Now, although this is my first commercial lease, I felt comfortably informed going into the process. Two grueling semesters of business law classes on top of four years of high school debate had left me fairly familiar with legal jargon. Beyond that, I had been forced to keep the headset on during far too many conference calls with corporate lawyers during mergers and acquisitions contract discussions. And, in the ultimate preparation for entering a lease, I turned to my trusty friend, Google (still can’t figure out why we go to college when everything can be googled). Needless to say, I am nearly fluent in “lawyer-speak” (the opposite of “newspeak”). Thus, I thought we could get this whole lease thing hammered out in a month. Wrong. Again. Naturally.
Six weeks later we were barely entering iteration #5,673.56 of the LOI. Okay, it was more like the seventh version. The items for contention were being significantly whittled away. Not only had they agreed to demise the space and bring down the rent to something affordable (especially for the first few months), but we were even getting a DOOR!!! I was elated.
Meanwhile, I was putting together a team to actually design and build out the space. Kitchen Designer, Architect and Contractor slowly came together and a couple of conference room sessions later, we had a site plan to slip into the LOI as well. The trick would be to get the landlord to agree to using our site plan to do the work they had agreed upon and to help cover the cost of the plans. Not an easy sell.
After weeks of back and forth on the LOI the landlord finally provides us with a draft lease. Unfortunately, it is obviously a standard contract generated by the legal team that ignores many of the points negotiated out during the LOI drafting sessions. We are also still asking weekly for a breakdown of operating expenses and other integral details but never receiving this essential information. At least we finally had something to submit to our lawyer who is currently reviewing the document and waiting on quite a few answers and details from the landlord.
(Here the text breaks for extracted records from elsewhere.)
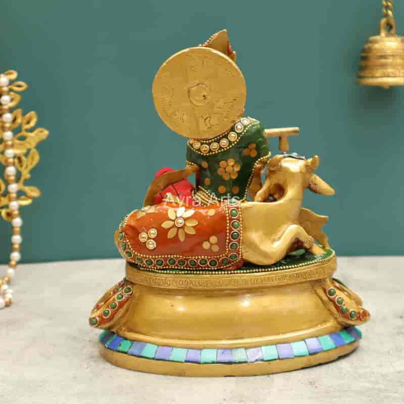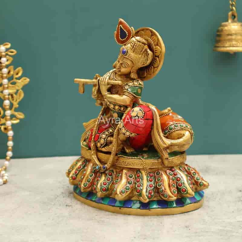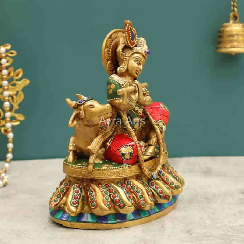 Celebrate divinity with this 8.5-inch Brass Lord Shri Krishna Idol Sitting with Cow and Playing Flute in Stone Work — exquisite craftsmanship.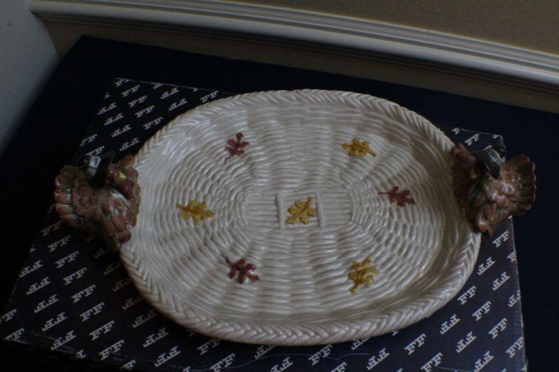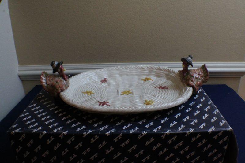 LOT #260: Vintage Fitz and Floyd Thanksgiving Turkey Platter w/ Turkey Handles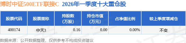 从基金规模来看,博时中证500ETF联接C基金2026年一季度公布的基金规模为2.05亿元,较上一期规模3.52亿元变化了-1.46亿元,环比变化了-41.64%。该基金最新一期资产配置为:无股票类资产,无债券类资产,现金占净值比7.89%。从基金持仓来看,该基金当季前十大股票仓位达0.0%,第一大重仓股为中天3(400174),持仓占比为0.0%。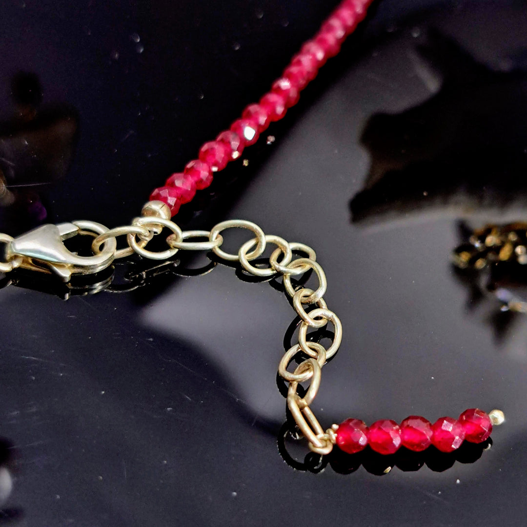 "Ruby Gem Strand" 16" - 18" Necklace - Ruby, Sterling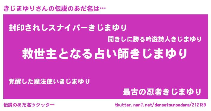 | ヒーロー風カッコイイあだ名 | 『慈愛の使者きじまゆり』 |
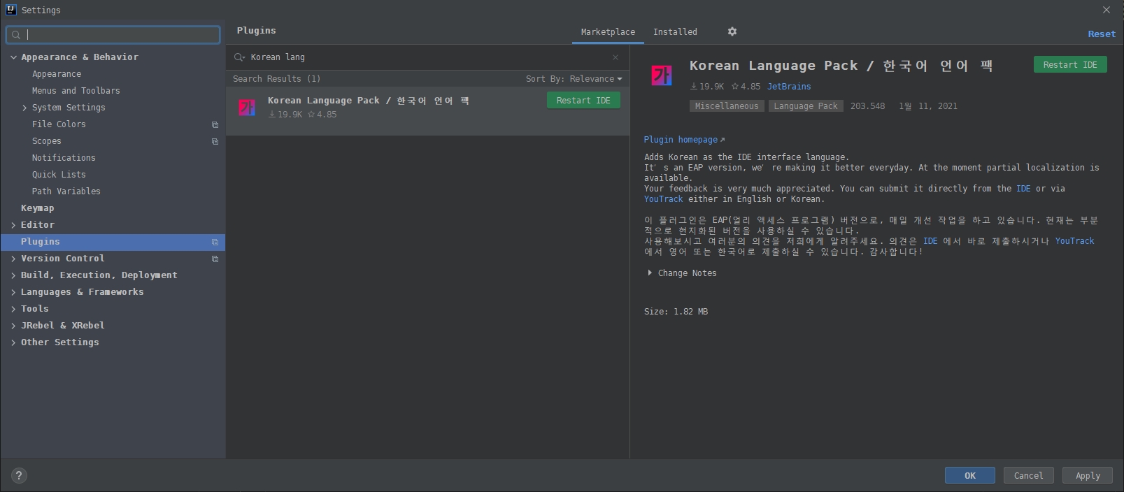 plugins.jetbrains.com/plugin/13711-korean-language-pack------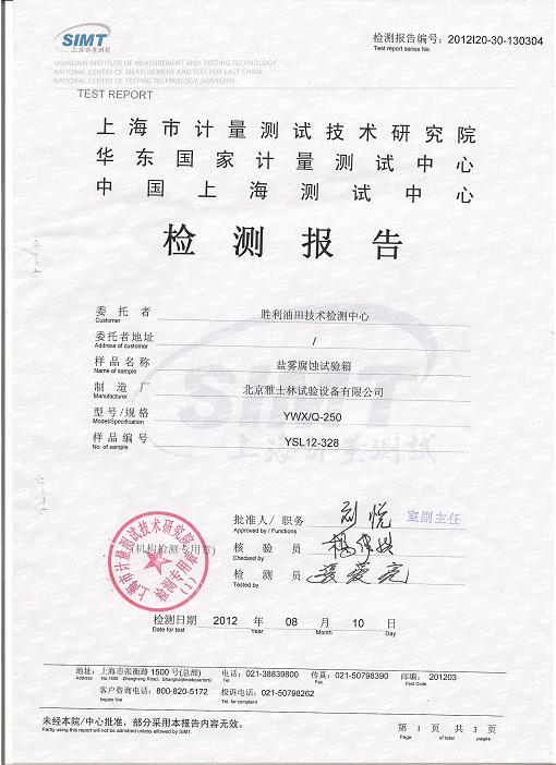 >>鹽霧腐蝕試驗(yàn)箱檢測報(bào)告-上海計(jì)量院-勝利油田 |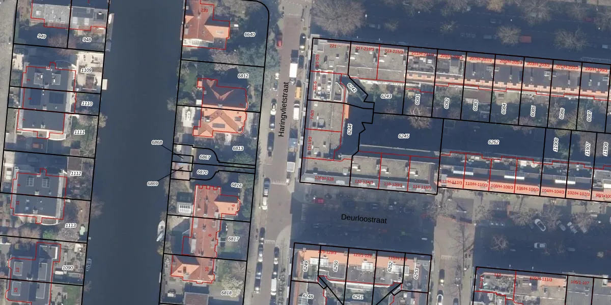 Het adres ligt op het perceel ASD18-V-6244, dat zich in de kadastrale gemeente Amsterdam bevindt. De gemiddelde perceelgrootte in Amsterdam is 558,8 m². Dit perceel is kleiner: de perceeloppervlakte bedraagt 486 m². Het grootste perceel in de kadastrale gemeente is 12,5 ha. Het kleinste perceel heeft een oppervlakte van 0 m². Op het perceel liggen in totaal 12 adressen. In de Basisregistratie Kadaster (BRK) werden de grenzen van het perceel geregistreerd op 17-10-2006.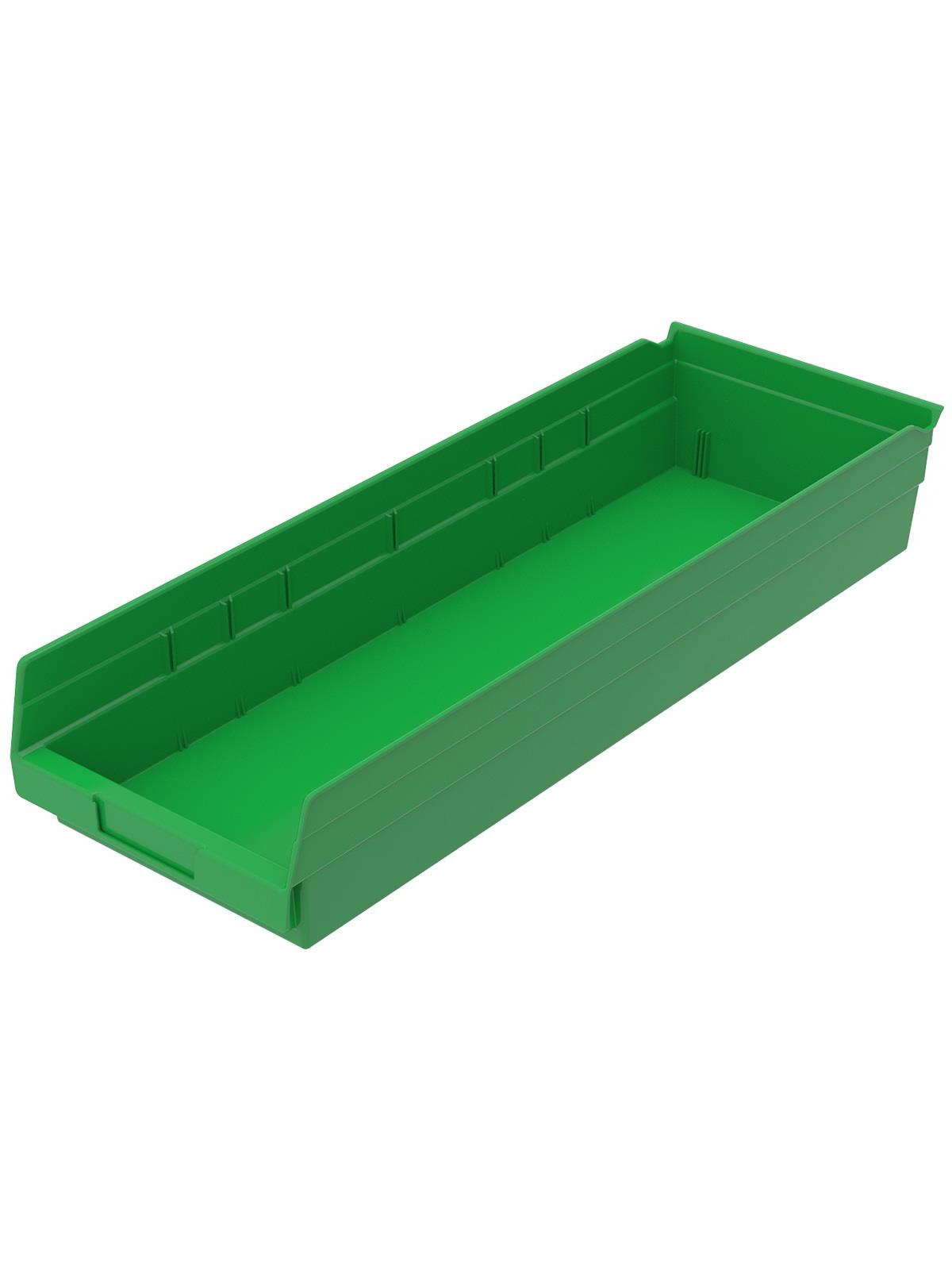 Outlasts corrugated bins - pays for themselves in reduced replacement costs. One-piece construction is waterproof and unaffected by grease or oil. Works with 12", 18" and 24" deep shelving, or vertical storage and retrieval units. Labels available. Available in 22 sizes and five colors - Red, Yellow, Blue, Green, or Semi-Clear. FOB Shipping Point.

At the same time, we get inquiries every day asking us where we are going to be. We wish we could say! Although we could make a formal announcement now and hope for the best on the lease, it simply is not wise to announce a set location until our lease is signed and it is a sure thing. It would be even scarier to announce when we have not yet seen the actual lease yet! As it stands, we are just trying to push the process along as much as possible and do what we can while in this limbo. The good news is that once the lease is signed, we would be ready to jump into permitting and construction immediately! The bad news is that if this lease never gets signed, we will have all of the plans done for a site that doesn’t exist. Keep your fingers crossed for us that does not happen.